In these sections, Sellars can be seen to discuss the morals to be drawn from the fable of the neck-tie salesman.
• Some of these morals appear in the discussion (in both of the sections 16) of differences among "S sees that X is green," "X looks green to S," and "X merely looks green to S." Notice especially the connections between these expressions and the ideas of endorsing, withholding endorsement, and rejecting. This discussion is followed in §17 by a distinction between qualitative and existential looking that Sellars will refer to in §21.
• In §18, Sellars gives his promised account of the equivalence displayed in §12, and he explores the consequences of this for concept acquisition in §§19-20. These sections have connections (albeit negative ones) with Russell's atomistic account of understanding, and the reference to Hegel may remind you the discussion of Hegelian views in Russell's ch. XIV. (Sellars will later refer us back to §19.)

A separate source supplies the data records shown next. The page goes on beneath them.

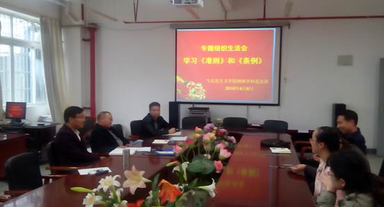 为进一步增进党员的组织纪律性和提高党员素质,增强基层党组织的凝聚力和战斗力,太阳成集团tyc122cc纲要学科党支部4月8日在公司会议室召开了专题组织生活会,会议主题是“学习《准则》和《条例》”。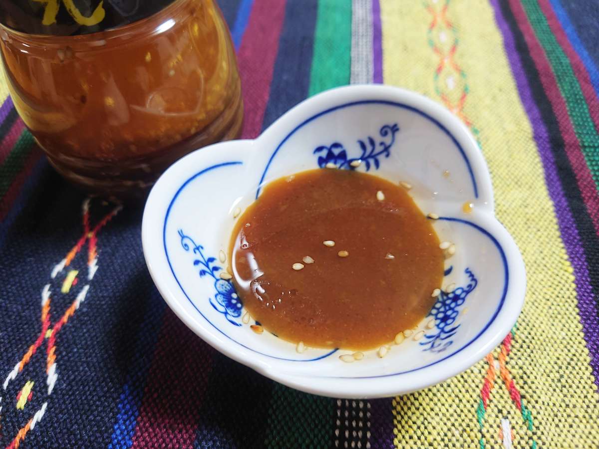 しょう油ベースでごまとにんにくがたっぷりのサラダ用ドレッシングです。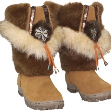 When choosing boots for girls, pay attention to the quality of the fur trim. As you know, these high fur boots are made from deer fur (as an option, moose and red deer). Some manufacturers reduce the cost of production using horse or cow skins, but such shoes can not withstand severe frosts. High-quality high boots can not be cheap, becausethey take a significant amount of natural fur.
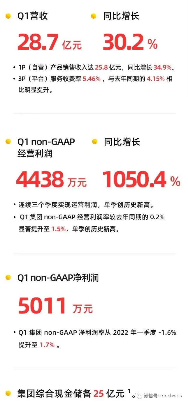 万物新生集团2023年第一季度non-GAAP运营利润为4440万元,相较上年同期的390万元增长了1050.4%;non-GAAP经营利润率由上年同期的0.2%提升至1.5%,且连续三个季度达成运营盈利。non-GAAP净利为5011万元,non-GAAP净利率达1.7%。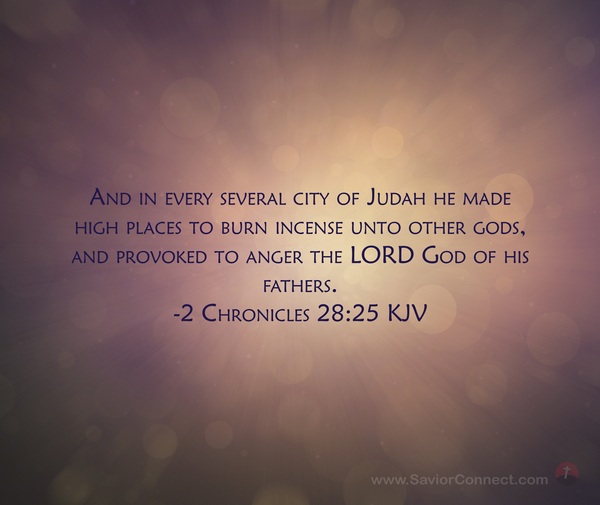 And in every several city of Judah he made high places to burn incense unto other gods, and provoked to anger the LORD God of his fathers. -2 Chronicles 28:25 KJV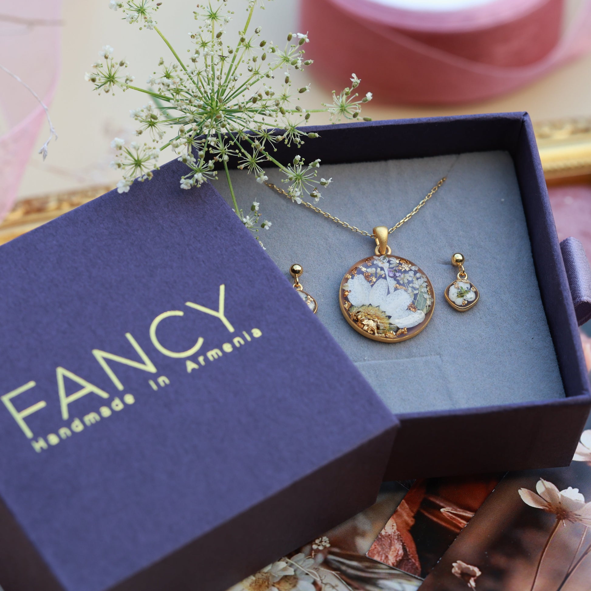 Ձեռագործ զարդերի արծաթյա այս հավաքածուն բաղկացած է վզնոցից և ականջօղերից, որոնցում պահպանված է բնական ծաղիկների, այդ թվում երիցուկի նուրբ գեղեցկությունը ։ Ոսկեջրած արծաթը զարդին փոխանցում է ջերմ և էլեգանտ տեսք։

• Part IV. After an introductory section, Sellars considers essentially two ways immediate experiences might be employed as explanations of qualitative and existential lookings. He passes over the first very quickly, but you should think about it since (as he hints here) it will become very important later. He begins to discuss the second way of explaining these lookings in the third paragraph of §22 but he lays it out most explicitly in the displayed text of §23. Of course, you should think through his criticisms of this sort of explanation.